Ovum believes it will take more than iPhone 5 to knock Google off the top spot in the consumer technology war
Melbourne 13 September 2012 – Apple needs to do much more than the widely expected hardware revamp of the iPhone to lead in the smartphone market. This is according to Ovum’s new measure of success in the consumer technology industry – the Smart-Vendor Scorecard – which accompanies a 360-degree assessment of the major technology vendors’ capabilities and their influence over consumers and developers.
The global analyst firm expects that the new iPhone will be Apple’s most successful smartphone to-date. However, without a redesign of the iOS user experience and underlying software platform in the next two years, Apple will find itself in a position similar to Nokia and RIM, which found themselves with outdated smartphone platforms that needed replacing. The analysis behind Ovum’s Smart-Vendor Scorecard suggests that if Apple miss-times this transition, it could lose large numbers of consumers along the way. The question for Apple is: will Tim Cook be brave enough to call time on the iPhone cash-cow in-time for a successful transition?
Adam Leach, leader of Ovum’s Devices and Platforms practice, comments: “Apple has successfully built the iPhone from a radical new entrant to the must-have smartphone. Whilst the company is still reaping the rewards of the brand equity of the iPhone, consumers are notoriously fickle when it comes to buying handsets. Without the continued innovation which we are accustomed to with Apple, the company risks losing consumer appeal. The iPhone re-defined the smartphone category in 2007 but it can’t rely on past success to guarantee its future or rely on litigation to keep its competitors at bay.”
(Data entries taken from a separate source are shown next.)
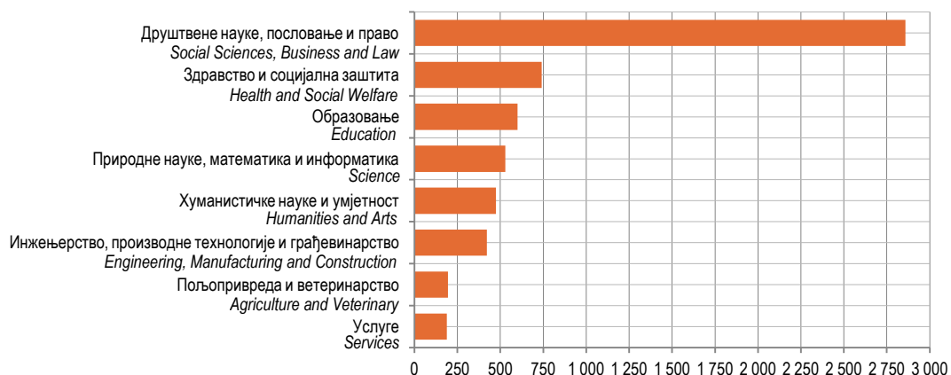
Графикон 3. Дипломирани студенти према области образовања у 2015. години

Graph 2. Graduated students by age in 2015
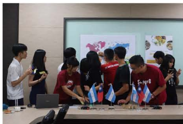
同學們一起在世界地圖中標記台灣的邦交國 17 個
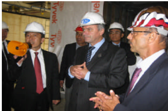
北海道銀行のお取引先様から64社80名が参加 (21/10)

道内企業が建設したモデルハウス、ロシア企業が分譲したスモールタウンや天然ガス発電所等を視察。また現地ロシア企業との意見交換やセミナーなどの交流会を行いました。
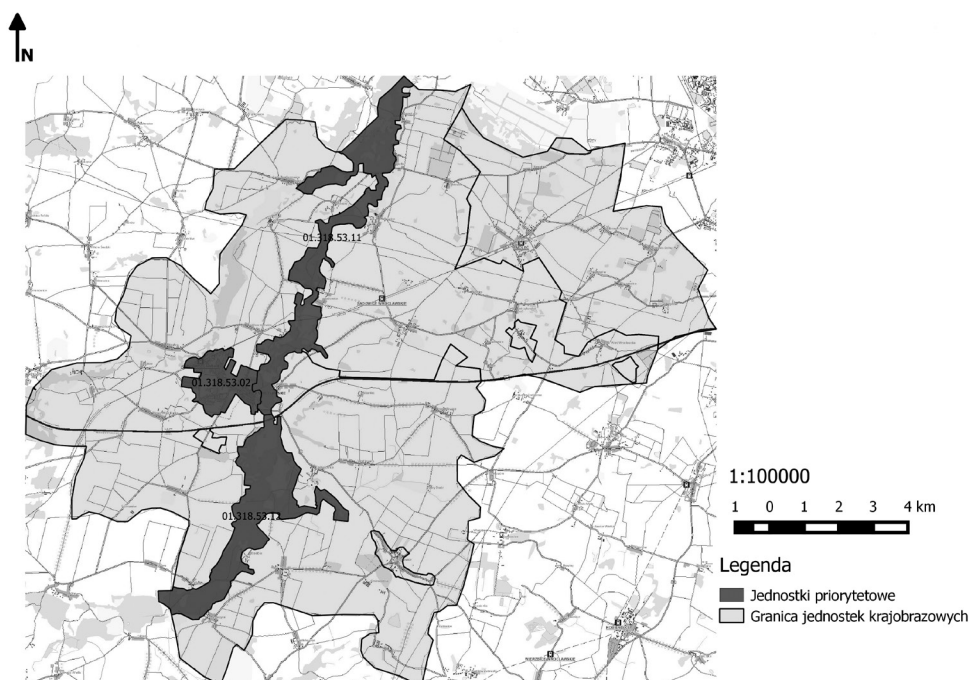
Rysunek 3. Krajobrazy priorytetowe na terenie gminy Kąty Wrocławskie

The Smart-Vendor Scorecard replaces outdated measures of success – shipments and revenues – which no longer provide a meaningful yardstick, as they fail to cater for the complex and multi-faceted nature of the consumer tech market. Increasingly technology companies are going beyond their core businesses in an attempt to control all aspects of consumers’ digital lives – from devices to software, services, applications, and content. Parameters such as device portfolios, software platform assets, developer enablers, and applications, as well as the company’s influence over both developers and end users, provide a much more accurate view of the current winners and what to expect next from them.
“It has become clear that technology companies need to do more than just announce new versions and updates to existing offerings if they are set on owning every aspect of the consumer’s digital existence. It is therefore imperative for these companies to move outside their traditional areas of expertise; hardware companies have to build up their software and service expertise and vice-versa, or risks leaving the door open to their competitors,” concludes Leach.